**PROVIDED MATERIAL**:
+++

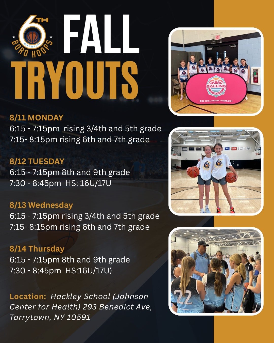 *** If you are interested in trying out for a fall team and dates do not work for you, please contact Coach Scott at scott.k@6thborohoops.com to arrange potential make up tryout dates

+++

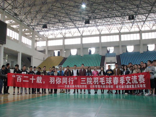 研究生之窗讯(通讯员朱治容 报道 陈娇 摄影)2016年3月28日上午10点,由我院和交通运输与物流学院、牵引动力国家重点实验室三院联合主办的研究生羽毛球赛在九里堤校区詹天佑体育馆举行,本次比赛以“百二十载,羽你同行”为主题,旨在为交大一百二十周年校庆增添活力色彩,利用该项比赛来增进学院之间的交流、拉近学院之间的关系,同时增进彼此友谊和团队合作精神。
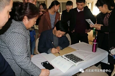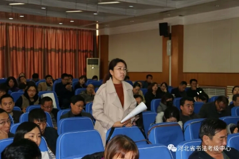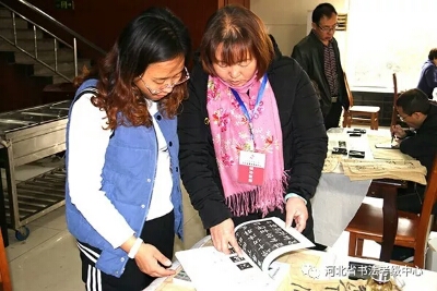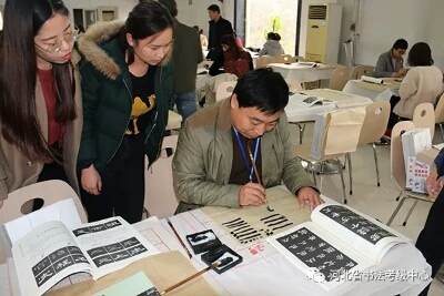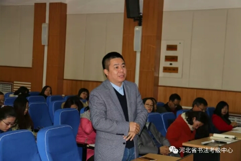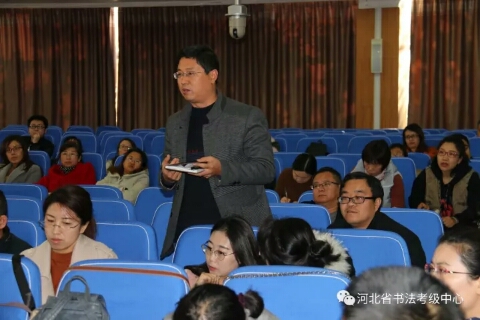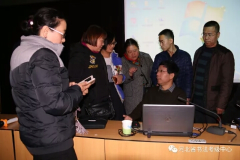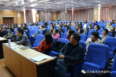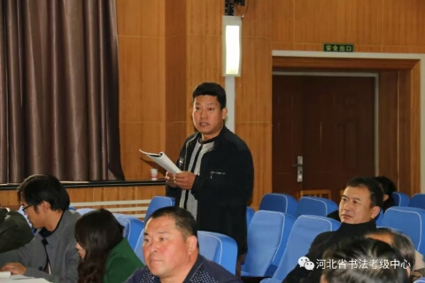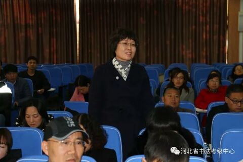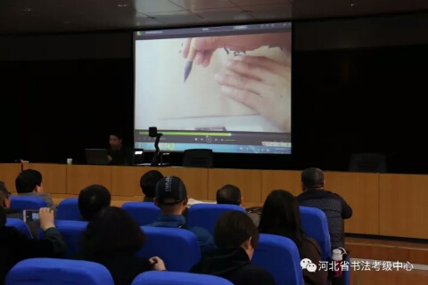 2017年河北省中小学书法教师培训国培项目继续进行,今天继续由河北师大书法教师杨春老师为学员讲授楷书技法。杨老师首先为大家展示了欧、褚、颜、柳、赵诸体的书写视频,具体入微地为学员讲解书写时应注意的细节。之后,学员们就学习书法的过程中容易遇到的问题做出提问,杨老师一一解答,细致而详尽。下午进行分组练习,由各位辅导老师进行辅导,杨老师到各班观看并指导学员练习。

+++

Transcribe, exactly and without pictures, everything in the data from the line with "研究生之窗讯(通讯员朱治容 报道 陈娇" down to the line with "2017年河北省中小学书法教", both included.

**RESPONSE**:
 研究生之窗讯(通讯员朱治容 报道 陈娇 摄影)2016年3月28日上午10点,由我院和交通运输与物流学院、牵引动力国家重点实验室三院联合主办的研究生羽毛球赛在九里堤校区詹天佑体育馆举行,本次比赛以“百二十载,羽你同行”为主题,旨在为交大一百二十周年校庆增添活力色彩,利用该项比赛来增进学院之间的交流、拉近学院之间的关系,同时增进彼此友谊和团队合作精神。
 2017年河北省中小学书法教师培训国培项目继续进行,今天继续由河北师大书法教师杨春老师为学员讲授楷书技法。杨老师首先为大家展示了欧、褚、颜、柳、赵诸体的书写视频,具体入微地为学员讲解书写时应注意的细节。之后,学员们就学习书法的过程中容易遇到的问题做出提问,杨老师一一解答,细致而详尽。下午进行分组练习,由各位辅导老师进行辅导,杨老师到各班观看并指导学员练习。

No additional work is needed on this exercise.